→ Work to complete
Please transcribe the data below in full, word for word, without the images.

→ Data section
_ _ _

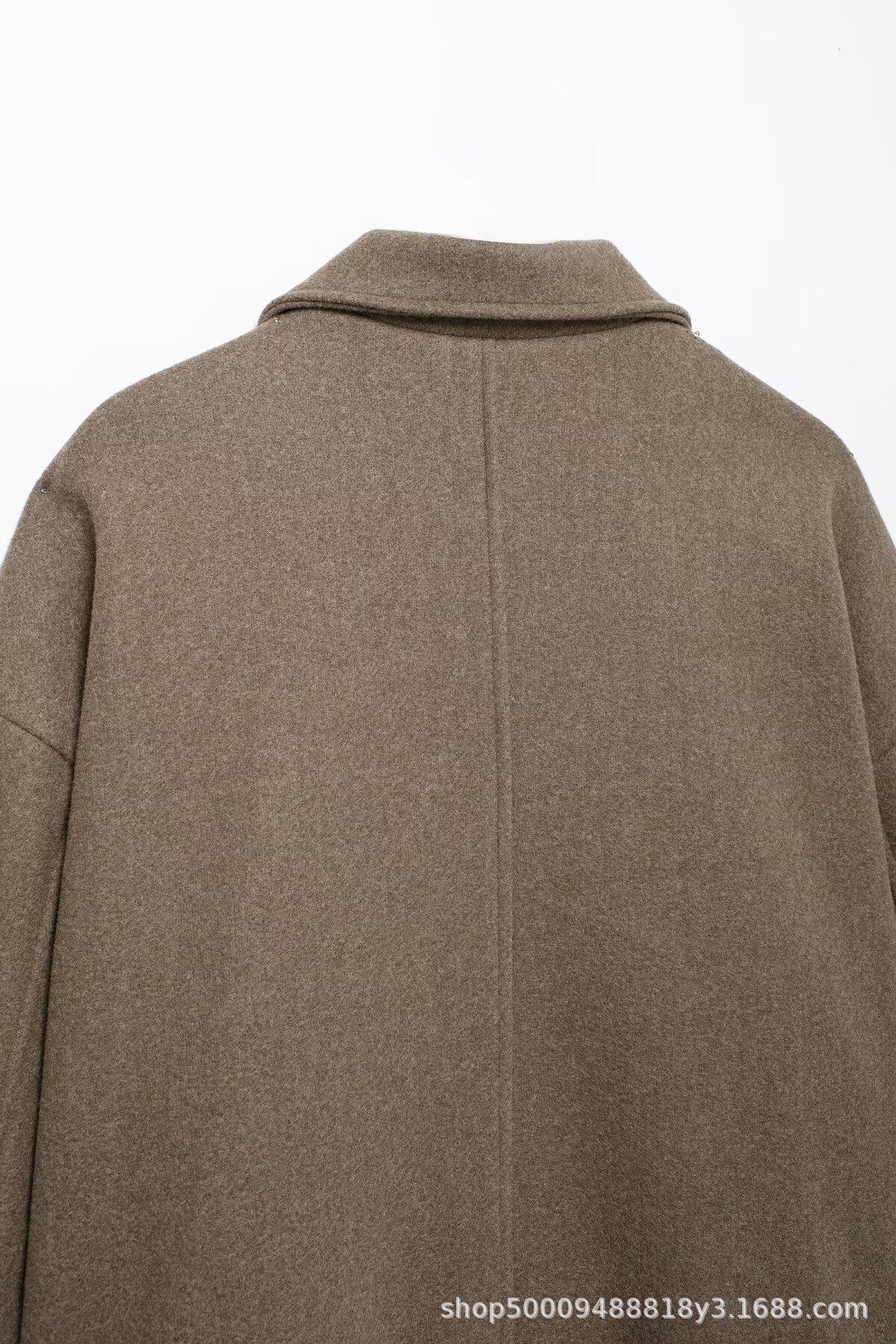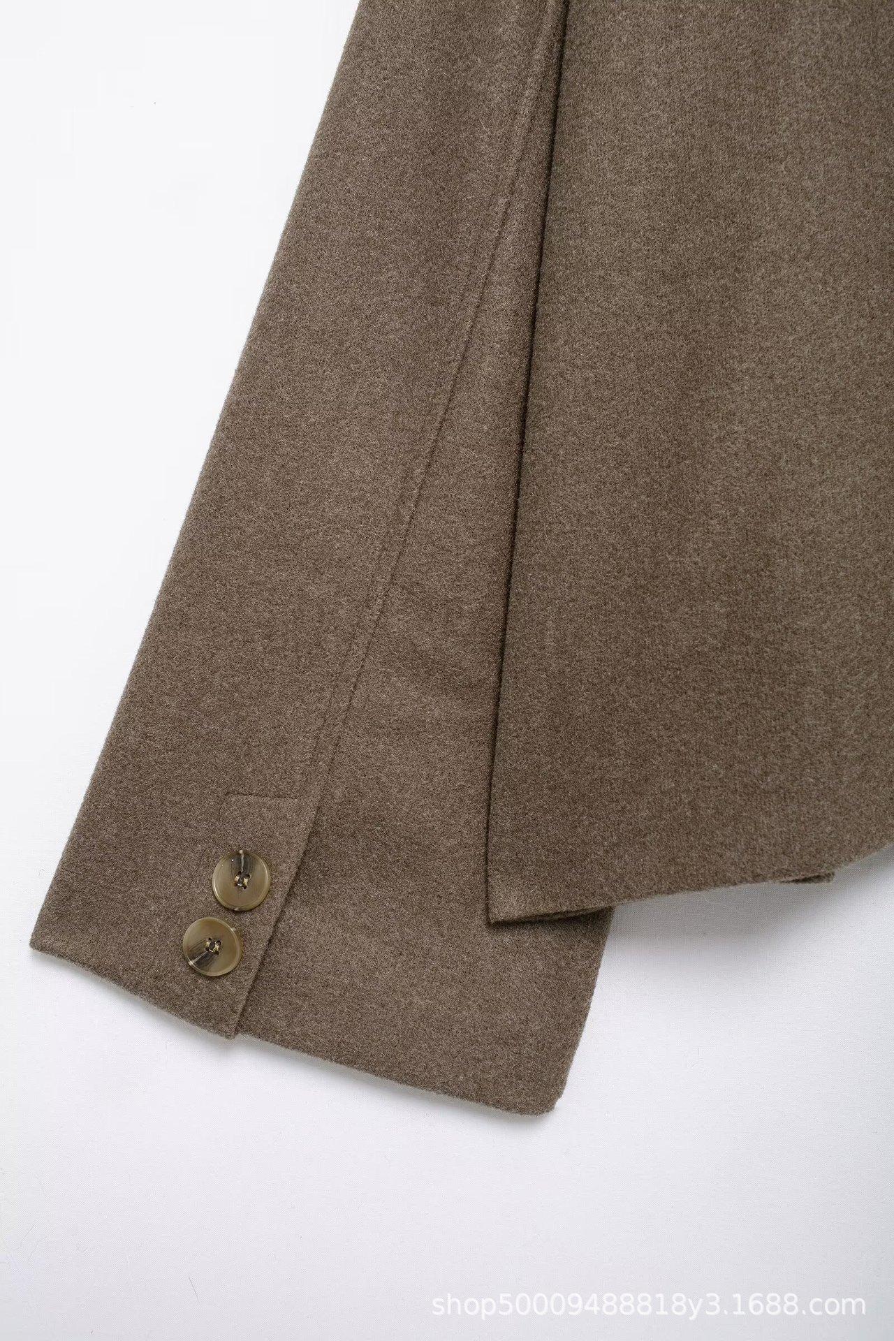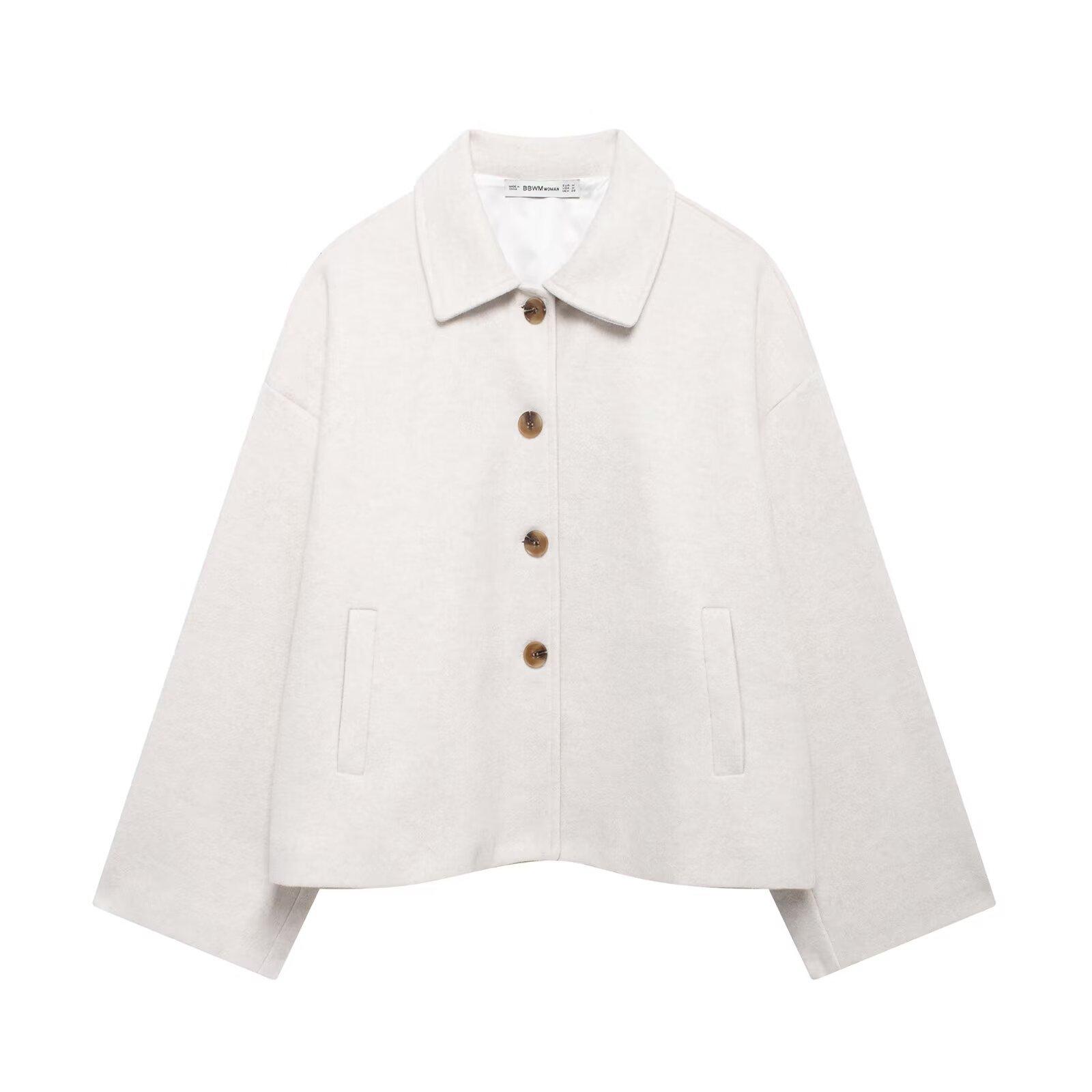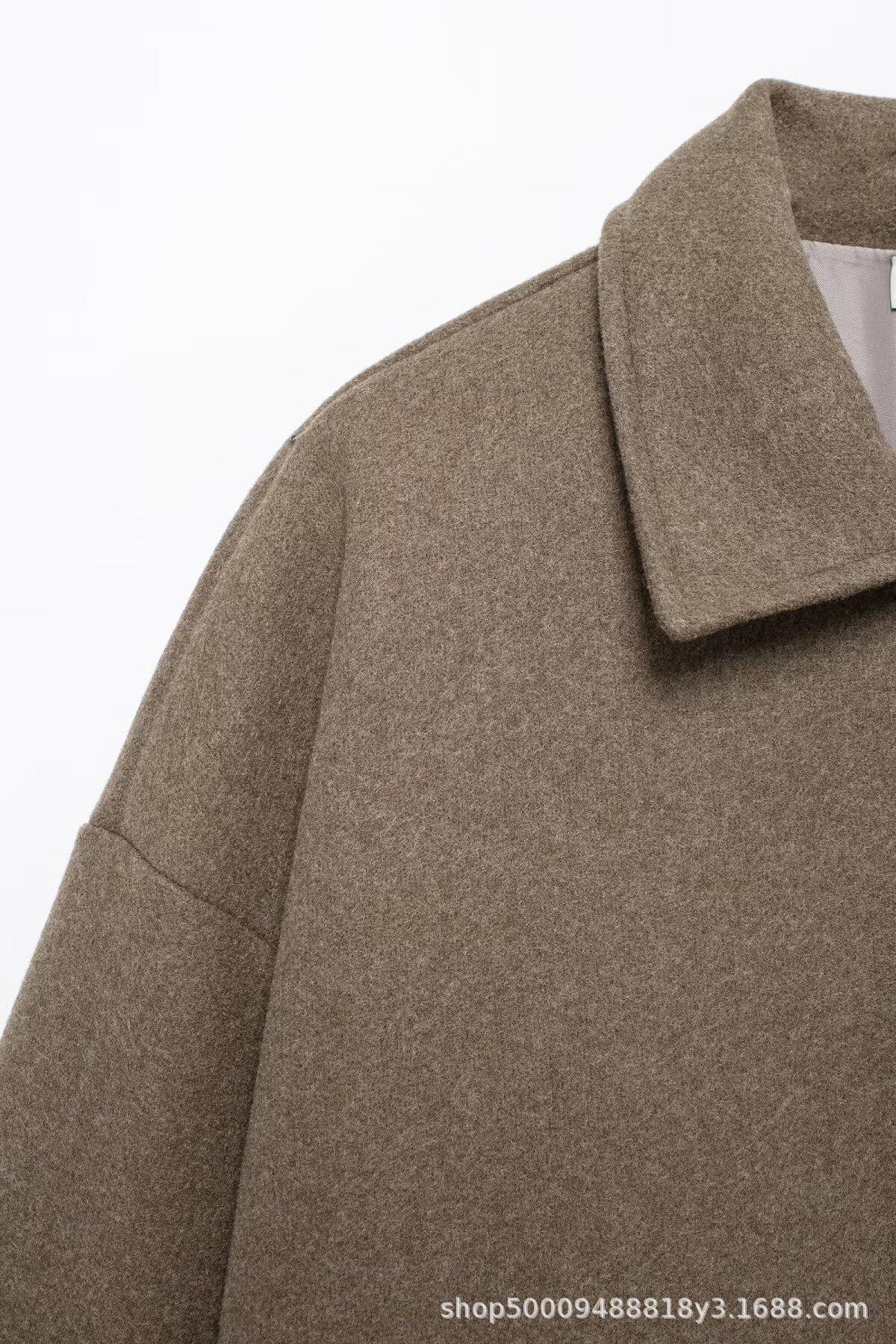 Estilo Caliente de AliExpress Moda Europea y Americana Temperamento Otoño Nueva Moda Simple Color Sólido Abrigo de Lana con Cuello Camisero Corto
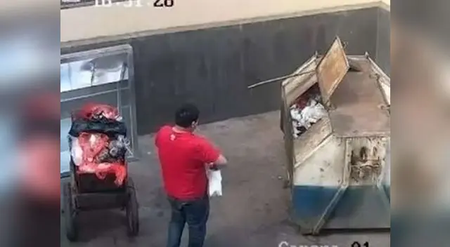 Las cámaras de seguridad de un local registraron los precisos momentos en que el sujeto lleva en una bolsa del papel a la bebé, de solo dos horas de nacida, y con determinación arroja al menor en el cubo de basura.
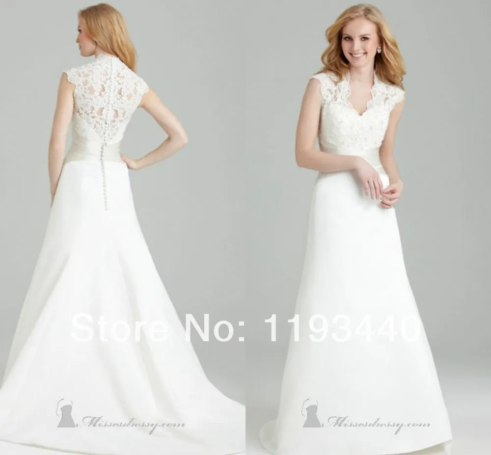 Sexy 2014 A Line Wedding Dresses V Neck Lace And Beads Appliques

_ _ _

→ Answer for the task
 Estilo Caliente de AliExpress Moda Europea y Americana Temperamento Otoño Nueva Moda Simple Color Sólido Abrigo de Lana con Cuello Camisero Corto
 Las cámaras de seguridad de un local registraron los precisos momentos en que el sujeto lleva en una bolsa del papel a la bebé, de solo dos horas de nacida, y con determinación arroja al menor en el cubo de basura.
 Sexy 2014 A Line Wedding Dresses V Neck Lace And Beads Appliques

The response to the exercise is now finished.